**Directions**
For the entries below, copy exactly the line that contains "Chen Yuanyu (top" through the line that contains "在性别比例上,71%的电子名片使用者是男性,女性用户占比仅为29%。", both ends included, and exclude all pictures.
━━━ Listed entries ━━━
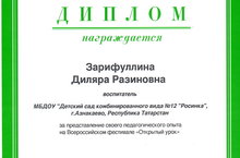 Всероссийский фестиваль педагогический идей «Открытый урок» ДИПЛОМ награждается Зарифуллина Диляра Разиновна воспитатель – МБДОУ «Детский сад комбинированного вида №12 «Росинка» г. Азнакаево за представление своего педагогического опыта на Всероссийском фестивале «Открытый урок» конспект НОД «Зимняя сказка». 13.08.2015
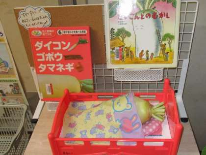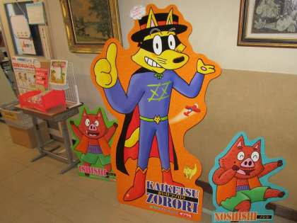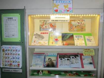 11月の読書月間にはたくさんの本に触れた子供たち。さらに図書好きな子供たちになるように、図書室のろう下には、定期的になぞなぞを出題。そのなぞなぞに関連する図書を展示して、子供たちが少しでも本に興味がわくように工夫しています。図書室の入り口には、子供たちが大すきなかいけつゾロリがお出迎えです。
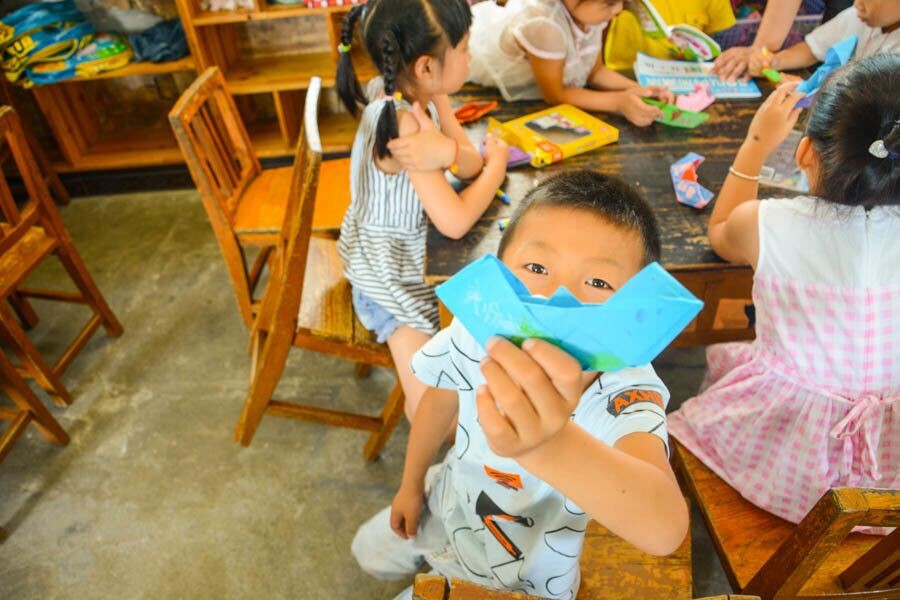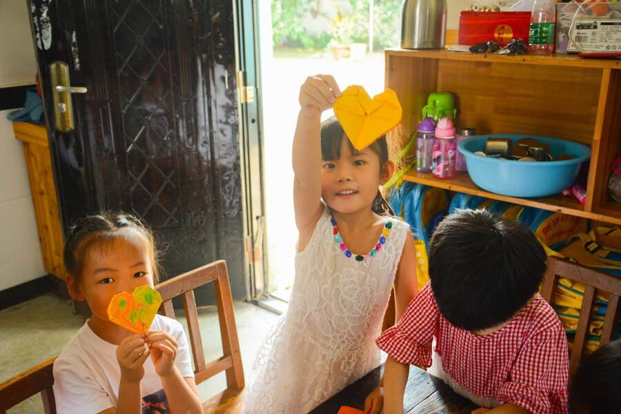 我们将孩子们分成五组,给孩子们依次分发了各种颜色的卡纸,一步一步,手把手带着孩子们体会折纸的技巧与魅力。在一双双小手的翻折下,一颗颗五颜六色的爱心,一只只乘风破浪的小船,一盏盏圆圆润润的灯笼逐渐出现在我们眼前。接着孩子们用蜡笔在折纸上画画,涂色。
━━━
━━━ Listed entries ━━━
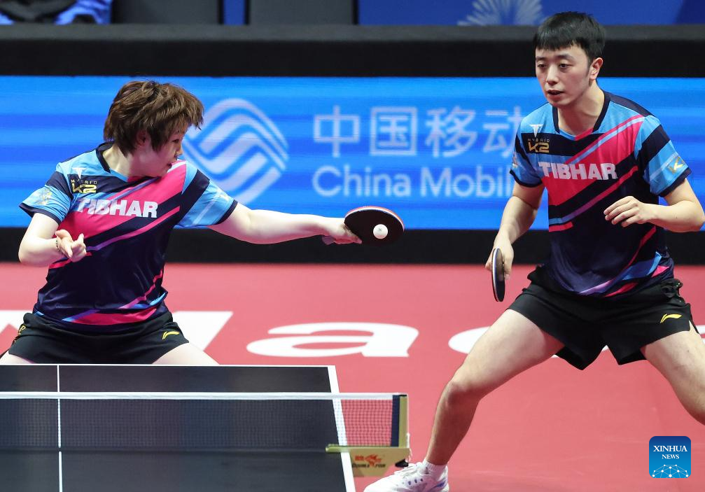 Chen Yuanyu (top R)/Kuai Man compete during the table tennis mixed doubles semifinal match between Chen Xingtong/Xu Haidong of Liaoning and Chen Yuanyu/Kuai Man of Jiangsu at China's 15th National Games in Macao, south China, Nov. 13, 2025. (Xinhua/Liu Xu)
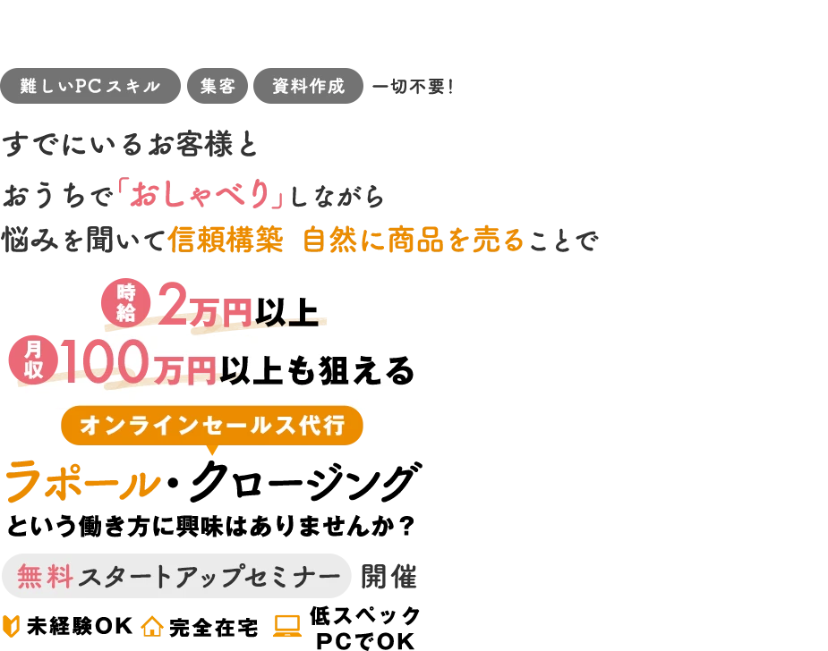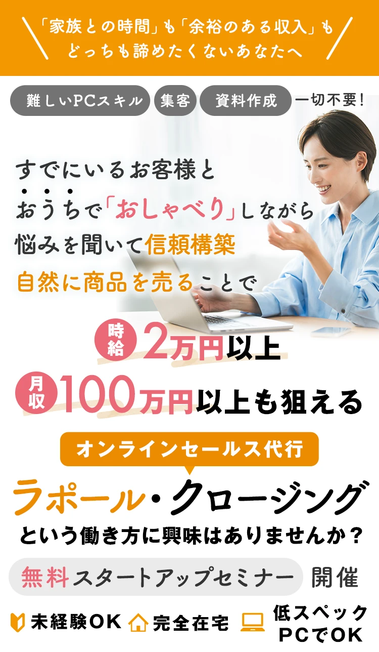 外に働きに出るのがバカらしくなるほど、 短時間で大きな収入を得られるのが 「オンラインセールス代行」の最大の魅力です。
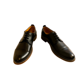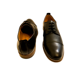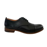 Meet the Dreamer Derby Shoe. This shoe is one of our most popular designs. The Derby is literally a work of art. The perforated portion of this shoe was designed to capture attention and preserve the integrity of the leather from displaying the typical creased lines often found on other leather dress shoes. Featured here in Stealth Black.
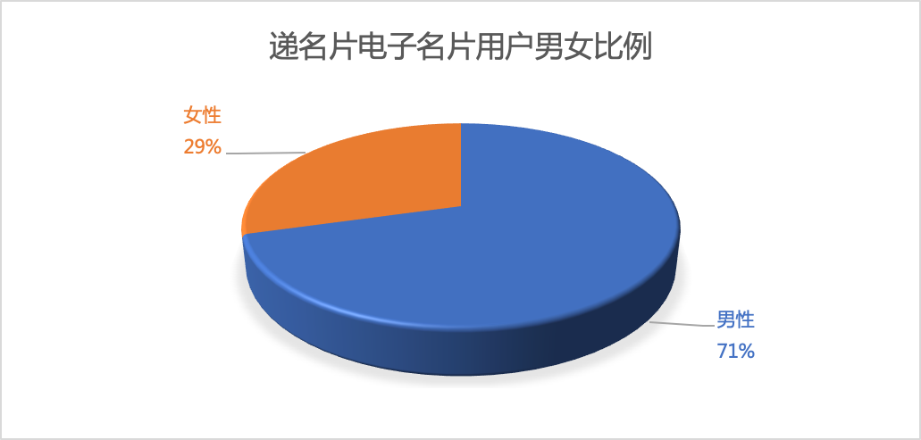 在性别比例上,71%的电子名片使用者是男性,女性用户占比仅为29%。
━━━
━━━ Listed entries ━━━
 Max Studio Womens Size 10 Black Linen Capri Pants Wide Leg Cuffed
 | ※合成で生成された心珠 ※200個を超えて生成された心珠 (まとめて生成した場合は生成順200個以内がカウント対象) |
━━━
**Answer section**
 Chen Yuanyu (top R)/Kuai Man compete during the table tennis mixed doubles semifinal match between Chen Xingtong/Xu Haidong of Liaoning and Chen Yuanyu/Kuai Man of Jiangsu at China's 15th National Games in Macao, south China, Nov. 13, 2025. (Xinhua/Liu Xu)
 外に働きに出るのがバカらしくなるほど、 短時間で大きな収入を得られるのが 「オンラインセールス代行」の最大の魅力です。
 Meet the Dreamer Derby Shoe. This shoe is one of our most popular designs. The Derby is literally a work of art. The perforated portion of this shoe was designed to capture attention and preserve the integrity of the leather from displaying the typical creased lines often found on other leather dress shoes. Featured here in Stealth Black.
 在性别比例上,71%的电子名片使用者是男性,女性用户占比仅为29%。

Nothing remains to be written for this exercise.